Psychosexual Stages

Freud theorized that the base for personality develops by the age of 5.  He created a stage theory of development.  He focused on how young children deal with their powerful, sexual urges.  According to Freud, as children develop they do so through stages.  They are specific developmental periods with a characteristic sexual focus that leaver their make on adult personality.  It is crucial that people develop through these stages to determine personality.  If someone fails to move forward from one stage to another as expected, they develop something called a fixation.  Fixations are caused by excessive gratifiaction of needs at a particular stage or by excessive frustration of those needs.  If someone fails to develop through the stages their personality as an adult is affected.  Usually fixation leads to an overemphasis on the psychosexual needs that were necessary during the fixated stage.  These stages are.

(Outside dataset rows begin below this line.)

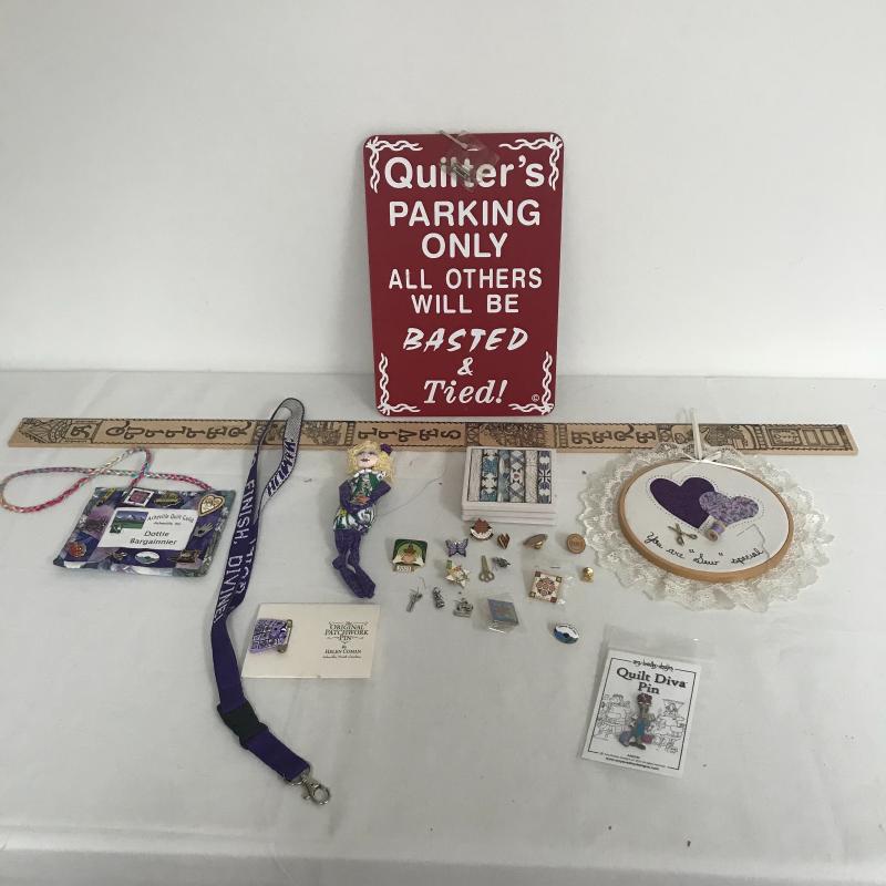 Lot contains pins, plaques, special wood ruler and more. Start or add to your growing collection. Local pick up only.
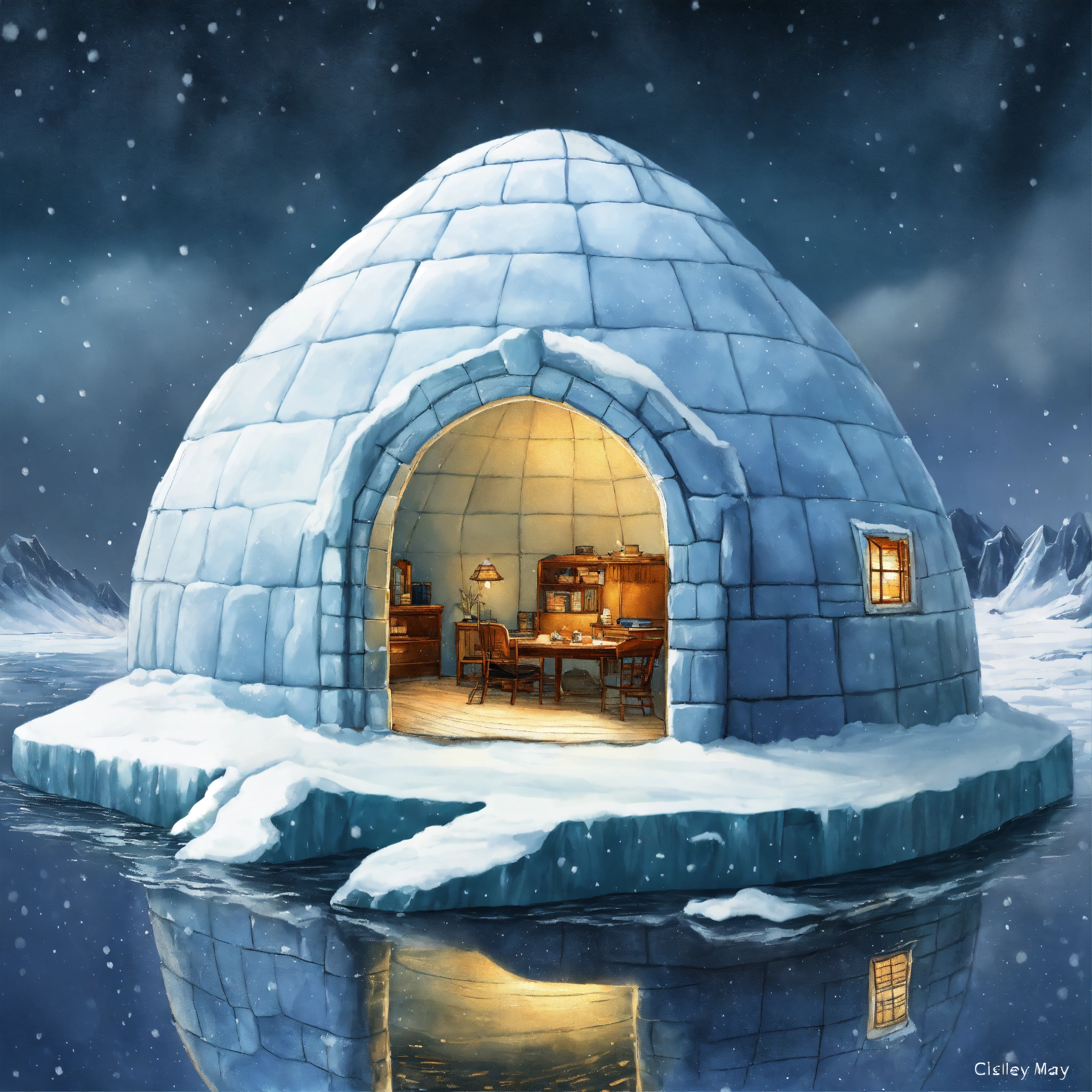 A detailed illustration of a igloo on a floating iceberg in a snow storm from a worm's eye view. the igloo iceberg is divided into four sections snow, forest, north pole, realistic. by cicely mary barker.
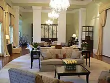 La salle de dessin est utilisée pour recevoir des invités et tenir des réunions. Ses murs et plafonds sont ornés de moulures en plâtre raffinées.
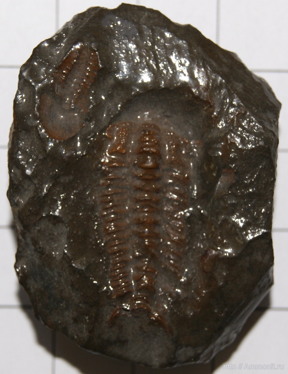 Это слепок, как и остальные образцы трилобитов и насекомых (ежи и брахиопода вроде настоящие). Из-за этого у них такой странный вид. Sao - кембрийский род, знаменитый по восстановленной последовательности возрастных стадий от личинки до взрослого Иоахимом Баррандом. Так что карбон надо заменить на кембрий. | ||||||
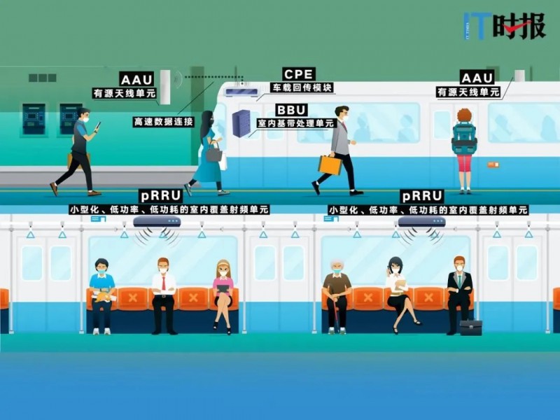 “设备上车”,具体来说,在车头和车尾的顶部安装CPE(车载回传模块),同时在第一节车厢内安装1台BBU(室内基带处理单元)设备,在每节车厢内都安装1台pRRU(小型化、低功率、低功耗的室内覆盖射频单元)。
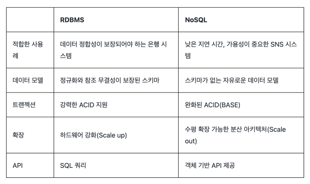 관계형 DB의 장점 = 비 관계형 DB의 단점, 비 관계형 DB의 장점 = 관계형 DB의 단점이라고 생각하면 된다.
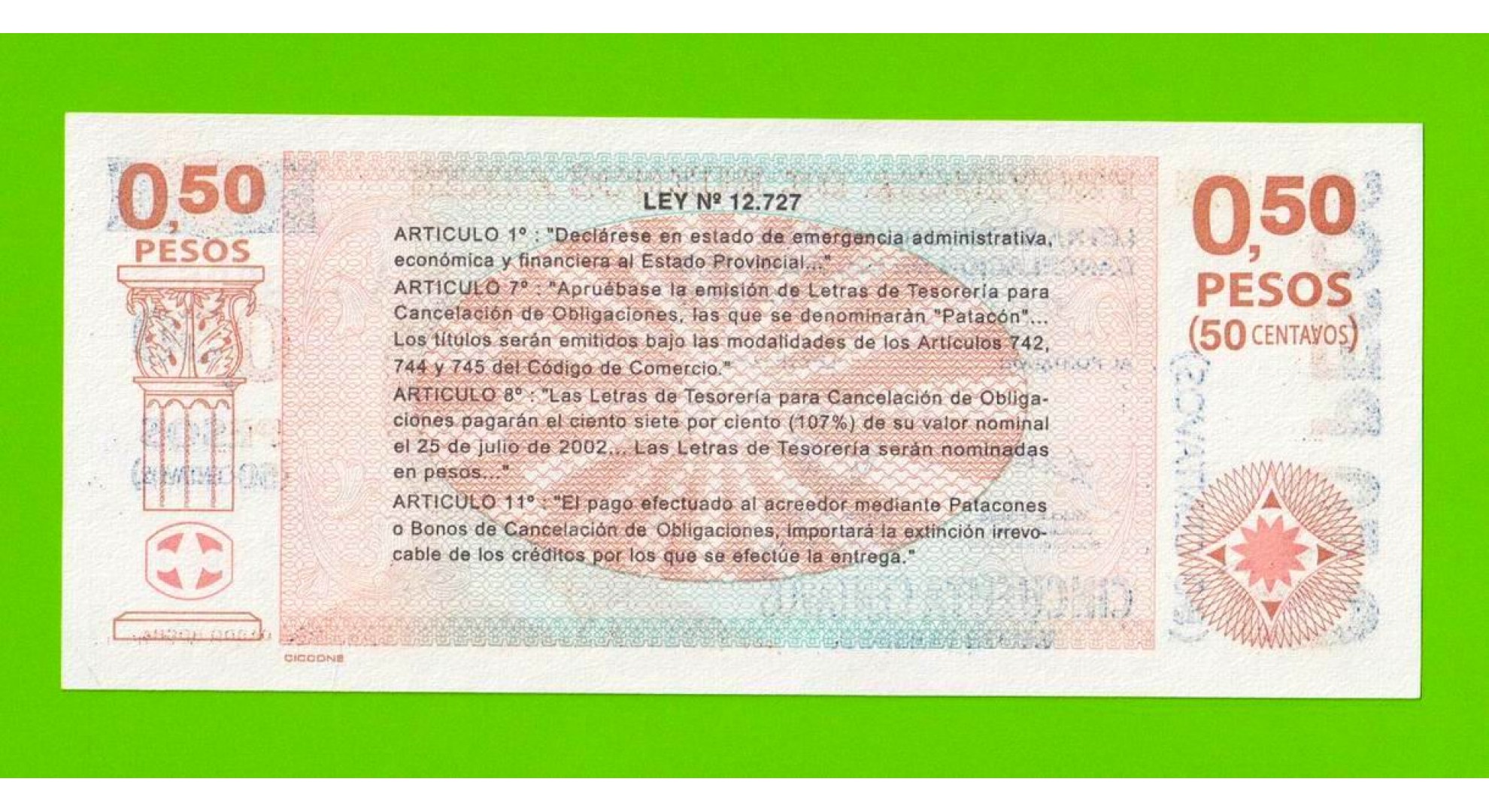 Аргентина, Патакон (Буэнос-Айрес) - 0,50 песо / 50 сентаво - 2002 (A) - UNC!!!
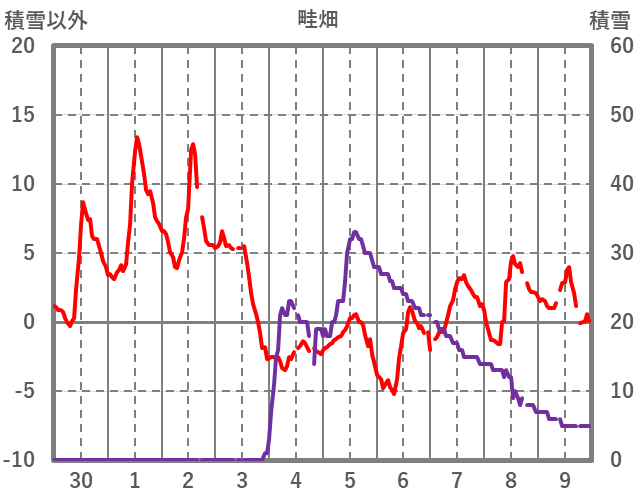 | 日 | 時 | 気温 | 降水 | 風向/風速 | 日照 | 積雪 | 降雪 |
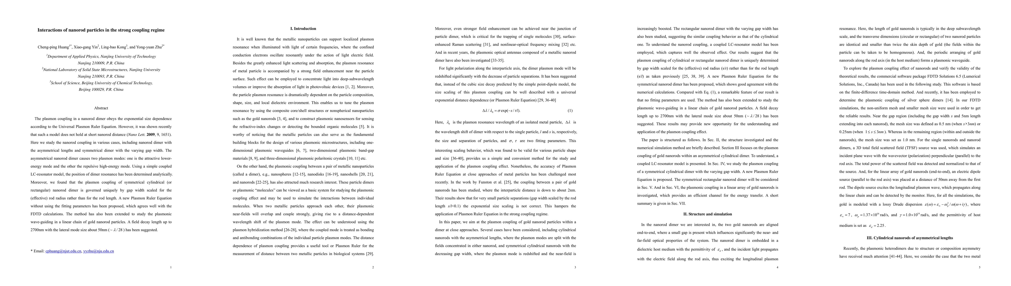 The plasmon coupling in a nanorod dimer obeys the exponential size dependence according to the Universal Plasmon Ruler Equation. However, it was shown recently that such a model does not hold at short nanorod distance (Nano Lett. 2009, 9, 1651). Here we study the nanorod coupling in various cases, including nanorod dimer with the asymmetrical lengths and symmetrical dimer with the varying gap width. The asymmetrical nanorod dimer causes two plasmon modes: one is the attractive lower- energy mode and the other the repulsive high-energy mode. Using a simple coupled LC-resonator model, the position of dimer resonance has been determined analytically. Moreover, we found that the plasmon coupling of symmetrical cylindrical (or rectangular) nanorod dimer is governed uniquely by gap width scaled for the (effective) rod radius rather than for the rod length. A new Plasmon Ruler Equation without using the fitting parameters has been proposed, which agrees well with the FDTD calculations. The method has also been extended to study the plasmonic wave-guiding in a linear chain of gold nanorod particles. A field decay length up to 2700nm with the lateral mode size about 50nm (~wavelength/28) has been suggested.
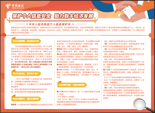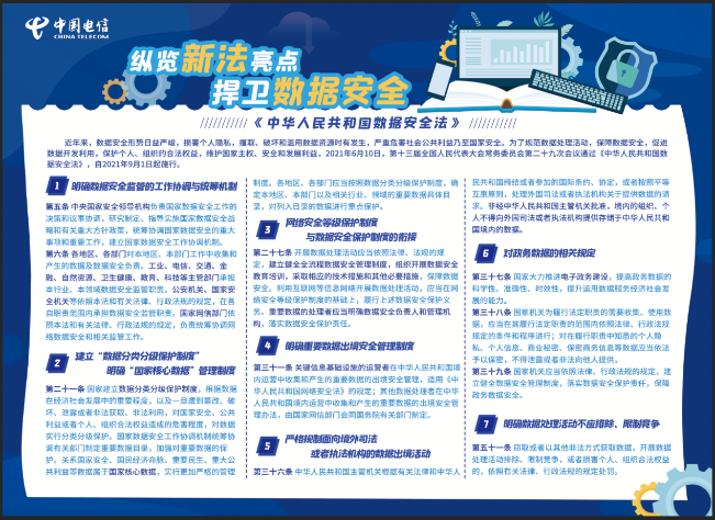 為深入學(xue)習(xi)(xi)宣(xuan)傳(chuan)和(he)貫(guan)徹(che)落(luo)實(shi)(shi)(shi)《數據(ju)安(an)全(quan)(quan)法(fa)》《個(ge)(ge)(ge)人信息保(bao)(bao)(bao)護(hu)(hu)法(fa)》,中國(guo)電信在(zai)全(quan)(quan)集團開展(zhan)(zhan)體系(xi)(xi)化學(xue)習(xi)(xi)宣(xuan)傳(chuan),并(bing)結合(he)企業實(shi)(shi)(shi)際,采取切(qie)實(shi)(shi)(shi)措施貫(guan)徹(che)落(luo)實(shi)(shi)(shi)。及時印發《關(guan)于開展(zhan)(zhan)<數據(ju)安(an)全(quan)(quan)法(fa)><個(ge)(ge)(ge)人信息保(bao)(bao)(bao)護(hu)(hu)法(fa)>學(xue)習(xi)(xi)宣(xuan)貫(guan)工(gong)作的通知(zhi)》,在(zai)中國(guo)電信網上大學(xue)“天(tian)翼(yi)法(fa)苑”普法(fa)專區上線13個(ge)(ge)(ge)系(xi)(xi)列課程。對照《數據(ju)安(an)全(quan)(quan)法(fa)》《個(ge)(ge)(ge)人信息保(bao)(bao)(bao)護(hu)(hu)法(fa)》規(gui)定,制(zhi)訂(ding)合(he)規(gui)義務清(qing)單,梳理86項具體落(luo)實(shi)(shi)(shi)工(gong)作并(bing)細化相應舉措和(he)時間(jian)表。開展(zhan)(zhan)涉(she)及《數據(ju)安(an)全(quan)(quan)法(fa)》《個(ge)(ge)(ge)人信息保(bao)(bao)(bao)護(hu)(hu)法(fa)》的50余項規(gui)章制(zhi)度立(li)改(gai)廢(fei)釋(shi)。從(cong)制(zhi)度、規(gui)范(fan)、流程、協議、系(xi)(xi)統等五個(ge)(ge)(ge)方面,查找問題(ti)隱患,切(qie)實(shi)(shi)(shi)防范(fan)法(fa)律風(feng)險,全(quan)(quan)面提升中國(guo)電信網絡安(an)全(quan)(quan)和(he)個(ge)(ge)(ge)人信息保(bao)(bao)(bao)護(hu)(hu)水平。

The Oral Stage:  This stage usually occurs during the first year of life.  Of particular emphasis   is the mouth.  This includes biting, sucking, etc..  How children are fed is supposed to be crucial to proper development.  Freud put considerable importance to the manner in which the child is weaned from the bottle or breast.  According to Freud, fixation in the oral stage can lead to excessive eating or smoking later in life.

The Anal Stage:  This stage occurs in the second year of life.  Children supposedly get their   erotic pleasure from their bowel movements, through either the expulsion or the retention of the feces.  Obviously potty training is crucial in this stage of development, which is society's first systematic effort to regulate the child's biological urges.  If a child is severely punished during training, there are a variety of outcomes.  Excessive punishment might lead to hostility toward the trainer, who is usually the mother.  This might lead to hostility toward women in general.  Another possibility is that heavy reliance on punishment might lead to an association between genital concerns and the anxiety that the punishment arouses.  This could lead to anxiety about sexual stages later in life.  

The Phallic Stage:  This stage occurs around age 4.  The genital become the focus for the        child's erotic energy, mainly through self-stimulation.  During this stage the Oedipal complex emerges.  Young boys develop an erotically tinged preference for their mother.  They also feel hostility toward their father who they view as the competition.  Little girls develop the same thing towards their fathers.  Around this time they also learn that their genitals are very different from those of little boys, and they develop penis envy. According to Freud, girls feel hostility toward their mother because they blame her for their different anatomy.  It is very important for the children to overcome the Oedipal complex.  The child has to solve the problem by by giving up the sexual longings for the opposite sex parent, and the hostility toward the same sex parent.  If the hostility toward the parent is not fixed, that might prevent the child from identifying with that parent.  This can lead to slowed progress throughout the child's development.  

The Latency and genital stages:  These stages usually occurred after 6 years of life.  He believed that from age 6 through puberty, the child's sexuality is latent.  Important events during this period during this stage center around expanding social contacts beyond the family.  When puberty strikes, the child evolves into the genital stage.  All the sexual urges reappear and focus on the genitals again.  During this stage sexual energy is geared towards members of the opposite sex, rather than towards oneself.